Thursday, September 29, 2011


ALPHA BETA OMEGA- PARTY LIKE A ROCKSTAR

So to make my point perfectly clear, I wanted to post this picture of a man who had tripped and couldn't get up so he slept outside. Okay.. so that's a little white lie to protect his dignity. He actually was at a party and passed out drunk. One of his buddies took the picture and its a great example for me to use.

No. That's a lie too. This is actually a picture I pulled after google searching the words "a man that fainted". He is an actor showing the effects of a drop in blood sugar.

Now.. who's telling the truth and who is telling the lie? 

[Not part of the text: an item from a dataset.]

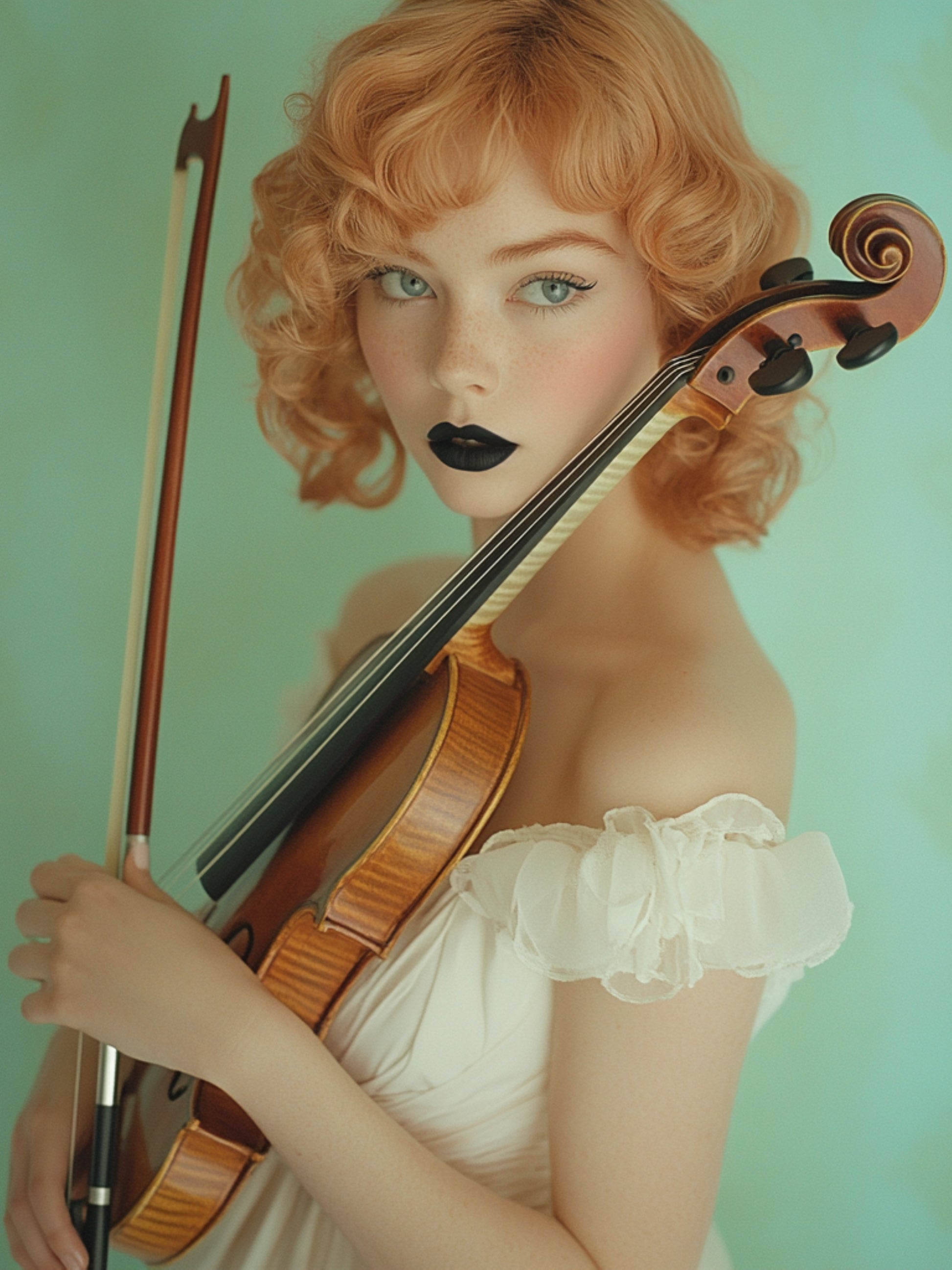 Ilustración decorativa de una mujer de labios negros y presencia enigmática, vestida de blanco y con un violín entre las manos.

At the Cafe, Chez Fraysse by Robert Doisneau


A picture is worth a thousand words. We've all heard the expression used, but what is it exactly that photographs are trying to convey without using text to state their point? This man, Robert Doisneau I've come to believe upon looking at some of his other work, simply had a thing for couples, or pairings, or even just twos and evens instead of odds. If the content of the picture will reflect the character of the photographer, then one might could say that he simply liked the atmosphere of bars.

So much insight, and yet it goes nowhere. He had taken the picture of the couple because he fancied the translation of their relationship on film. And yet after that this picture was used for an anti-alcohol campaign and a prostitution claim. Had I read the paper handed out in my photography class that Gisele Freund wrote about Doisneau's couple and it first stated that the man was a well-on-his-way mobster in New York city with a chip on his shoulder and a woman in his eye, I would have glared at the photograph with a harder judgement toward the gritty lifestyle. But because he stated the preface to the photo being taken, and that the pair were a normal couple Robert had fancied in a cafe in Paris, I was taken aback at the accusations of the woman being a prostitute.

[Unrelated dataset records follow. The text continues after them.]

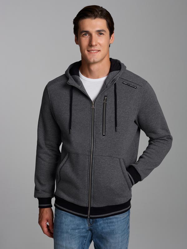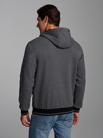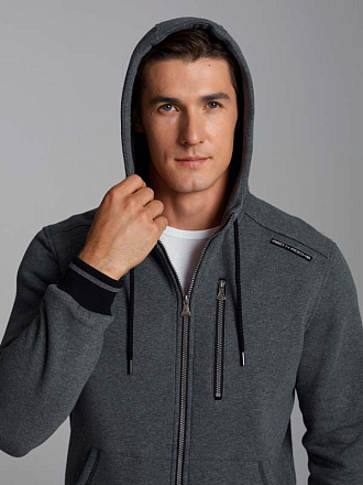 Толстовка мужская из плотного и мягкого хлопкового трикотажного полотна с изнаночным начесом. Изделие на молнии, с капюшоном, внутри капюшона - подкладка из клетчатой ткани. Спереди на изделии большие накладные карманы, слева на груди карман на молнии. По низу толстовки и низу рукавов пришита вязанная декоративная резинка.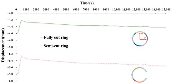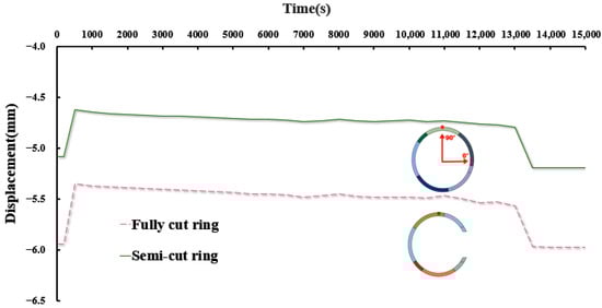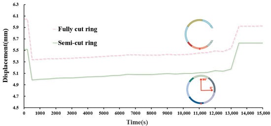 Figure 16, at 90° angle, the displacement of the fully cut ring is greater than the displacement of the semi-cut ring. A pre-support system greatly decreases the displacement of the top of the tube ring. After the cutting begins, the top shift in the two rings gradually increases with the cutting. It is worth noting that the top of both rings produced a significant displacement downward when the cave opening was to be opened. After the hole was opened, the displacement stabilized.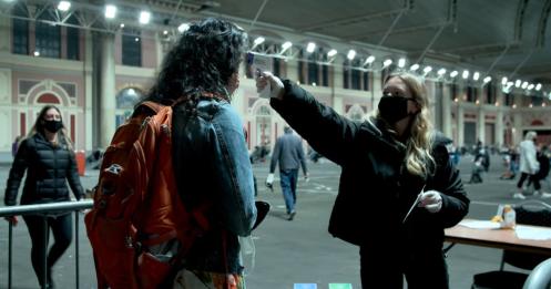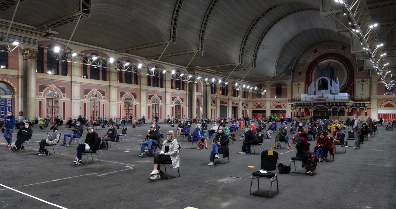 Chairs inside the halls were arranged as a socially-distanced grid, 9 feet away from each other. At a rough count, it seemed to me there were 200 chairs set-out in four blocks of fifty, 5 chairs wide and 10 rows deep. Our red zone was the back-left block. We found our chairs, sat down and waited patiently as remaining empty chairs in the hushed hall were filled and a few more were brought out. Every five minutes, a dude with a microphone at the centre of the hall read the same strict safety instructions…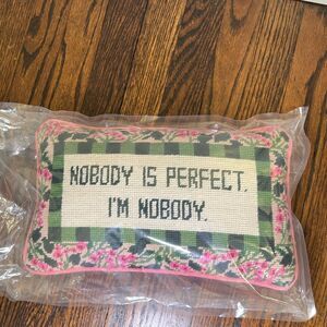 NWT | FURBISH STUDIO | Nobody is Perfect Needlepoint Pillow | 9in x 15in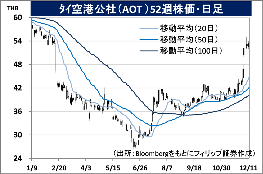 ・同社は約1000億THBを投じ、将来の観光需要を見据えて2032年までに国内主要6空港の旅客処理能力を約2倍の年2億5000万人へ拡大の方針。国内線、国際線ともに主要6空港で既に顔認証システム導入を進めている。12/4、免税品小売の国内最大手キングパワーとの免税店契約を修正することを正式承認。収益分配率の引き上げに成功したこともあり、コンセッション収入増が見込まれる。

A picture is worth a thousand words, but someone else may be shoving them down your throat. This innocent composition can be skewed and perverted if the veiwer lets it, just like the man I made an example of could be a drunk if you wanted him to be. It is not the job of the photographer to make the lifestyle of the subject clean cut and well known. Life has grey areas and from grey areas come the beauty of diversity. Without it, life would be dull. So I must ask you the question, do you read the caption in bold text that is placed on the name tag under the photo, or look at the photo that is vague and nondescript first?
Take heed, yon veiwer, your eyes can be decieving, but the power of suggestion is just that- power over your opinions.